Глава 11. Замерзли

Руки ломит от холода, я почти не чувствую их. Сейчас бы костёр развести. Закрываю глаза и с наслаждением вспоминаю потрескиванием дров в печи. Когда бабушка в детстве печь топила, а я маленький ещё был. Простудился и кашлял сильно. Она смазывала грудь мёдом, сверху прикладывала капустные листья, обматывала платком и садила на печь. Как же я ненавидел этот жар. Казалось, даже дышать было сложно наверху. Голова кружилась, я заходился кашлем. Только треск поленьев, который слышался в тёмной избушке, успокаивал меня. И я молчал, не плакал, вслушивался в этот звук.

Глаза в который раз закрываются, и я будто снова оказываюсь на печи. Даже чувствую, как жарко становится и дышать тяжело. Словно не только в воспоминаниях вернулся в прошлое, но и на самом деле перенёсся к бабушке в дом. Вот-вот и я услышу её голос: «Терпи, Данька, терпи. Потом ещё спасибо скажешь».

Но вместо привычного лица бабушки перед глазами всплывает её лицо, когда она лежала в гробу. Мертвенная бледность, впавшие глаза. И лицо, испещрённое тысячами морщин. Внезапно она открывает свои глаза. Белёсые глаза смотрят со злобой.

— Не смей спать. Рано тебе ещё! — хрипит она.

А меня будто в водяную прорубь швыряют.

Резко сажусь. Пытаюсь вынырнуть из ледяного плена. Вдыхаю полной грудью, и холодный воздух обжигает мои лёгкие.

Я всё ещё тут. Посреди зимнего леса. Алеся, свернувшись клубком, выглядит, как ледяная статуя.

Трясу её, тру руки друг об друга, чтобы хоть немного согреться, дышу на них.

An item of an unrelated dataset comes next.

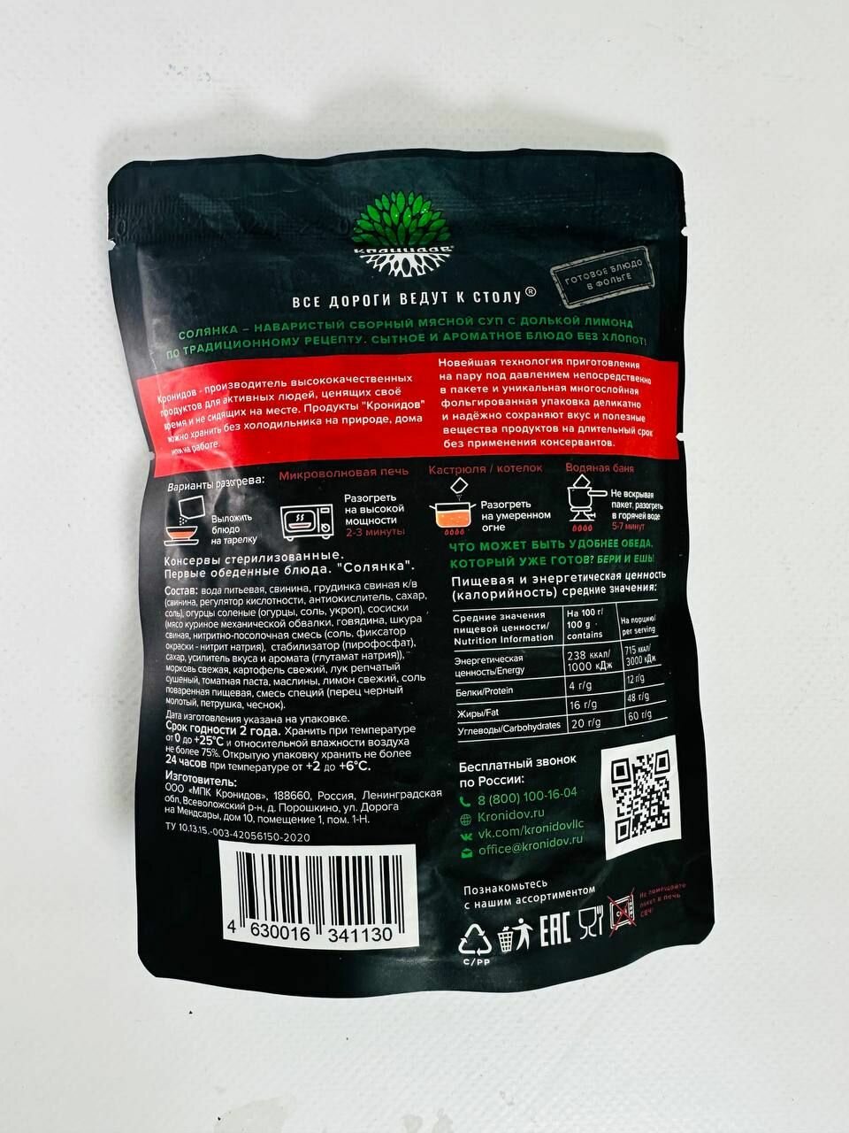 СохранитьГотовое натуральное блюдо в реторт-пакете "Солянка" Кронидов Сухой паек для охоты, рыбалки, в поход Набор 3 шт. по 300 гр. интересное:

Чёрт! Знал же, что спать нельзя. Не надо было оставлять её дежурить. Не надо было самому спать. Теперь замёрзла девчонка. Замёрзла из-за меня. Нельзя было спать… нельзя.

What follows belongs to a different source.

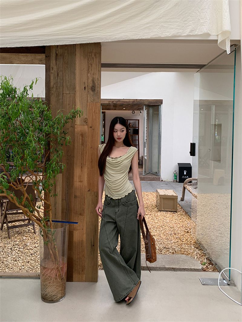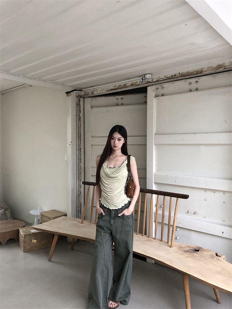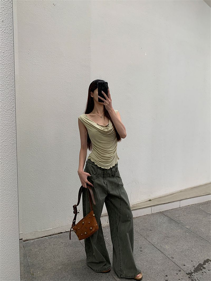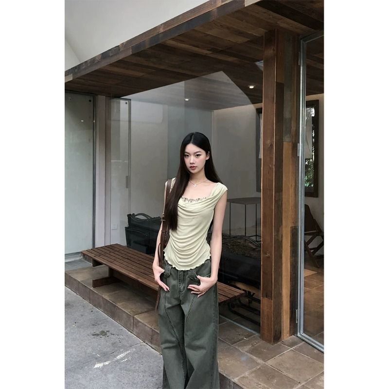 240 그램 순면 리브 92 면 8 암모니아 Lun 레이스 조각 불규칙 디자인 센스 몸매 가꾸기 슬림해 보이는 민소매 조끼
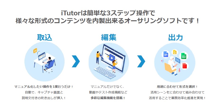 iTutorは簡単な3ステップ操作で様々な形式のコンテンツを内製出来るオーサリングソフトです!

Тормошу её. Трясу за плечо. Никакой реакции.

— Леся, вставай. Надо идти, — шепчу заиндевевшими губами. Борода вся инеем покрылась.

Подхватываю её на руки, прижимаю к себе. Заставляю себя двигаться и не сдаваться. Нельзя, — вопит мой мозг. — Нельзя сдаваться.

Тяну зубами за палец её обледеневшую перчатку. Руки красные от холода. Дышу, на них. Тру друг об друга и только после этого начинаю тереть щёки Леси. Сгибаю руки. Поднимаюсь на ноги, едва не валюсь. Боль просто адская, даже в глазах темнеет. Чудом удерживаюсь на ногах. Тяну её за собой.

— Ну же, малышка! Давай, моя хорошая. Давай!

Но она не двигается и не дышит. Как мраморная статуэтка. Даже щёки не розовеют.

Угробил девчонку, — без конца крутится мысль в голове. И в душе такая злость появляется. На эту чёртову зиму, на бестолкового водителя, на себя самого за то, что вообще ввязался в это путешествие. И больше всего на Алесю.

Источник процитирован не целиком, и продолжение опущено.